Timothy J. White of the Air Force Research Laboratory, in Ohio, and colleagues made the mirror out of materials called cholesteric liquid crystals (CLCs). These liquid crystals are made of molecules that arrange themselves into a helical structure. The range of wavelengths the CLCs reflect depends in part on the separation between molecules in the crystal. Usually CLCs reflect a narrow wavelength range of about 50 to 100 nm. White’s team used applied voltages to broaden this range to about 600 nm, wider than the visible spectrum, meaning the liquid crystals reflected enough wavelengths that they became mirrors.
The team prepared the CLCs with commercially available components used for making liquid crystals. They combined a liquid-crystal diacrylate monomer, dopants that make crystals with a right- or left-handed twist, and a mixture of compounds that serve as a host to keep the liquid-crystal molecules in the helical structure. In a typical liquid crystal with a different type of host, applying an electric current would cause the molecules to shift position. The researchers then added a small amount of a photoinitiator to the mixture and polymerized the material with ultraviolet light. The temperature at which they polymerized the CLCs dictated the center point of the wavelengths reflected.
Because a CLC will only reflect light with a polarization that matches the handedness of its helices, the researchers made a right- and left-handed crystal and then stacked them together to reflect all of the incoming light.

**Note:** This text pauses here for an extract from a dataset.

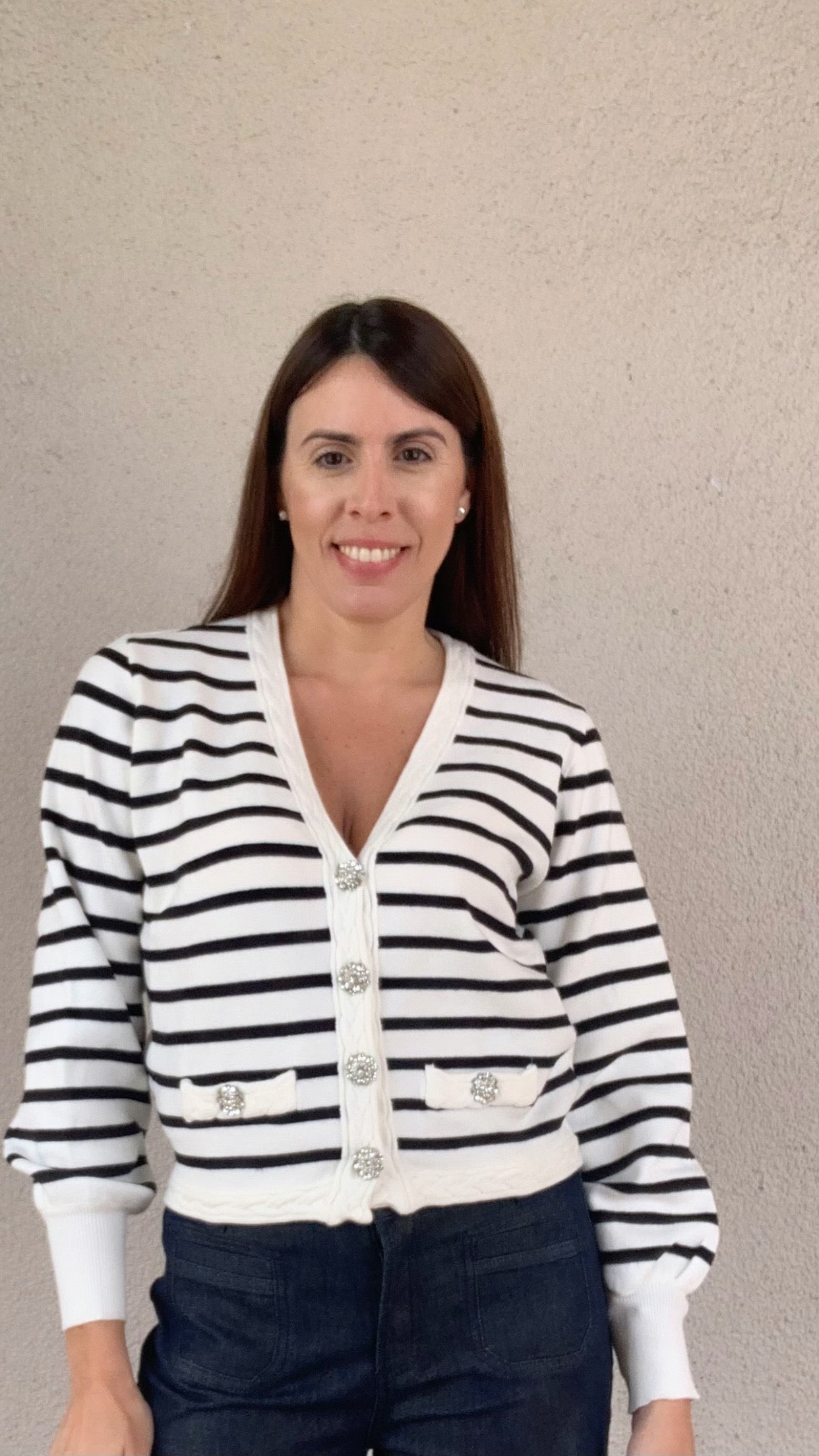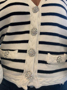 Elevate your wardrobe with this Button Front Stripe Cardigan featuring meticulously detailed buttons. Its classic striped design adds a timeless touch, while the decorative buttons bring subtle sophistication. Soft and comfortable, this cardigan layers effortlessly for day-to-night style, making it an essential piece for versatile, polished looks.

As they applied an increasing voltage to the device, the reflected wavelengths broadened symmetrically around the center wavelength, altering the returned color. The researchers hypothesize that turning up the voltage physically stretches the polymer network, widening the gap between the molecules in the helical structure. To go from almost transparent to mirrorlike took an 80-V jump. The switching speed is very slow compared to standard liquid crystals—about 25 seconds to turn the reflection on and 10 seconds to switch it off. Applying an extra 15- or 30-V burst for a second or so at the beginning can speed those times to about two seconds, fast enough to change the properties of a smart window or to switch a tablet screen from transmissive to reflective. There may be ways, though, to speed up the material’s transition, which would be necessary for displays such as computer or TV screens, White says.
D. J. Broer, a chemist at Eindhoven University of Technology, in the Netherlands, who also works on CLCs, thinks the liquid crystals could be “a useful new approach for smart windows.” But he worries that using two stacked liquid crystals might prove expensive for buildings.